Rebecca spent two years in Maui and then gained experience in Alabama before returning to her home state, Maryland. Here, she continued photographing weddings but started to include studio work as well. She gained expertise as she spent time learning more about lighting and setting. She was definitely becoming a full-fledged professional photographer. She jokes, “5 years ago I would not have known how to set up a light stand. [And now] I get so excited about ordering new equipment.”

Photographing in Frederick, Maryland offered a new perspective to Rebecca, who had gotten comfortable with the landscape of Maui, Hawaii. What a contrast, after all: Maui’s white sand beaches to Frederick’s historic brick buildings! 

Rebecca adjusted to the completely different setting, and she enjoyed bringing to life Frederick’s beauty and charm in photographs. 

I would be remiss not to mention that although photographing in Frederick is a relatively new thing for Rebecca, Frederick itself is not! Indeed, she grew up in the area, and after moving back a few years ago, she began “rediscovering Frederick as an adult,” as she puts it. 

It may be a small city, but it has everything you need. 

“Downtown Frederick is one of my favorite places to photograph,” Rebecca expresses animatedly. “Parks, creeks, old buildings...It’s like a gold mine for photographers.” 

Rebecca finds deep satisfaction in knowing that her clients leave a session feeling confident. Hoping to focus more on style-focused photoshoots and portraits, she opened an in-home studio recently so that she can provide clients with a custom-style package—something fun, beautiful and out-of-the-box. If you want to be photographed in an open field with flowers, she wants to make it happen. When it comes to her clients, she “want[s] them to feel like the photos portray their personalities and...feel better than they’ve ever felt before in pictures.” 

But Rebecca’s creative genius doesn’t end with photos; in fact, it barely scratches the surface. This remarkable woman is also a master of words. She is currently ghost-writing for a few authors and planning to write and publish her own books. 

Rebecca has a grand vision, and is already working on her transition into the next chapter of her life. She wants to continue with storytelling—through both photos and words—but shift her focus from weddings to make more time for writing. 

To Rebecca, fiction writing means diving into a different world. But even “in fiction you get to tell people's stories because they are based on things you see in real life,” she explains. 

She has a heart for people’s stories and believes that those stories are something we take for granted in many ways. She continues, “Especially nowadays when we get just a highlight reel on social media, we miss the depth of peoples stories. We aren't taking the time to understand people, where they came from, and the work they put into their life.”

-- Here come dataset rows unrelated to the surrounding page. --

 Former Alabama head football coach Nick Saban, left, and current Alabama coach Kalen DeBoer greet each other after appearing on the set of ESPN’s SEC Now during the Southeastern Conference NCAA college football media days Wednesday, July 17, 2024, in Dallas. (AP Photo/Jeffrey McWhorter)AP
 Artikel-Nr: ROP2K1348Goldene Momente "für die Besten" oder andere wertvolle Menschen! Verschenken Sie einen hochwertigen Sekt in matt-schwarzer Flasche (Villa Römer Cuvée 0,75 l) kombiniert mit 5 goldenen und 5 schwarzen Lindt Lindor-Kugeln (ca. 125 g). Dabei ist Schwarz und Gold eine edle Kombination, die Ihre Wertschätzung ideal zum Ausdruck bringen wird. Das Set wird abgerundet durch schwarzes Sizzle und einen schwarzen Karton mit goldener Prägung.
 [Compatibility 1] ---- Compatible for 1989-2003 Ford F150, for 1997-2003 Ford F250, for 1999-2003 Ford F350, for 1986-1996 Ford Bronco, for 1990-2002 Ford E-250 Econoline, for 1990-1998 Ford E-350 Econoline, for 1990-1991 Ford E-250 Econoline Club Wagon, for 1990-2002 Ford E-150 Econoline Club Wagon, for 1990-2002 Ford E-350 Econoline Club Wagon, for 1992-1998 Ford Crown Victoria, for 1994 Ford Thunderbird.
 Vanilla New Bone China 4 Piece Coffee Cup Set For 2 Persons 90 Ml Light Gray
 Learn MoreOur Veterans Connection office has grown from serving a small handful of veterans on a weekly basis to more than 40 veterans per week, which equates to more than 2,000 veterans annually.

Our culture needs stories. Our culture needs to understand what makes people who they are. This would cultivate a deeper understanding of others and would foster empathy. It would enable us to meet people where they are rather than cast judgment right away. She states, “both writing and photography are so powerful in telling others' stories and empowering them with confidence and hope.” 

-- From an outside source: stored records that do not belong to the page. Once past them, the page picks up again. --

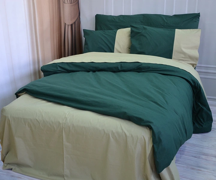 Комплект постільної білизни MERISET 120090184 Сімейний на резинці Ранфорс Зелений
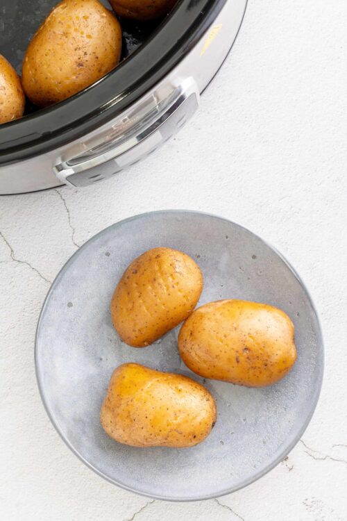 - Carefully remove the hot potatoes from the slow cooker. Slice open and serve with your favorite toppings like butter, sour cream, or chives.
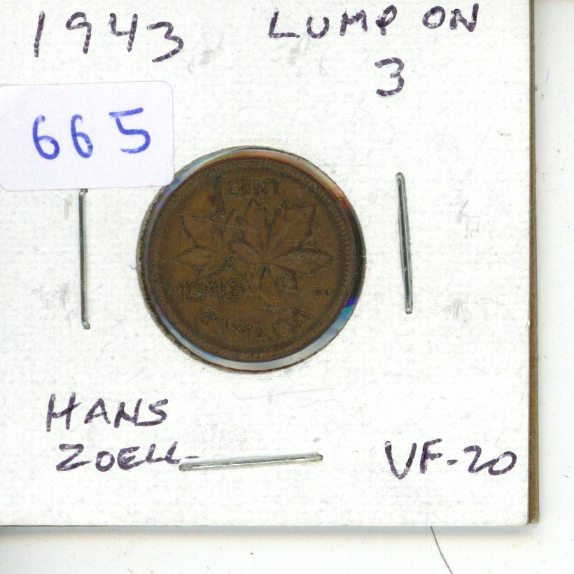 1943 Lump on 3 in Date Canadian Small Cent. Hans Zoell variety. VF-20.
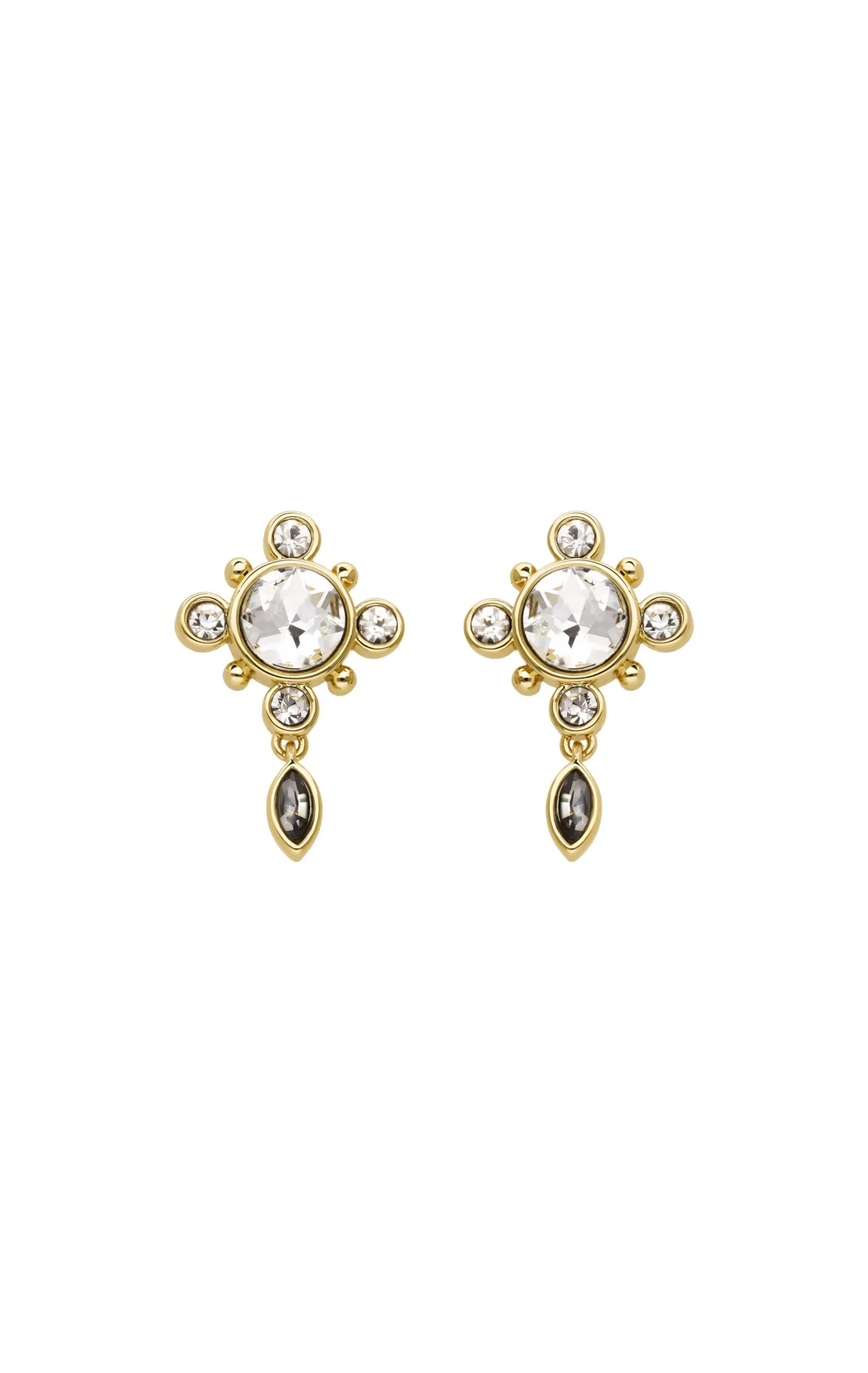 Boucles d’oreilles dorées à l’or fin 14 carats, avec une tige pour oreilles percées. L’élément central est composé d’un strass cossu effet diamant et entouré de quatre petits strass assortis. Un pendentif goutte smocky ajoute une touche de fantaisie à sa composition. Vestiaire très estival et festival, à assortir, à accumuler, pour des boucles d’oreilles à porter seules ou accompagnées. Ce bijou est fait à la main.

“We are so much more alike than we think.” 


Tips for a great photo session: 

1) Play some tunes to help you have fun and relax.

2) Have snacks for yourself, so you're not distracted by hunger during the shoot.

3) Wear something that makes you feel good! You will look your best when you feel your best.

4) Choose a photographer you love. Someone you connect with behind the camera is going to help you be yourself in front of the camera.

5) Just enjoy it! Your photo session should be an experience, not just a product. It's a memory to last for years to come!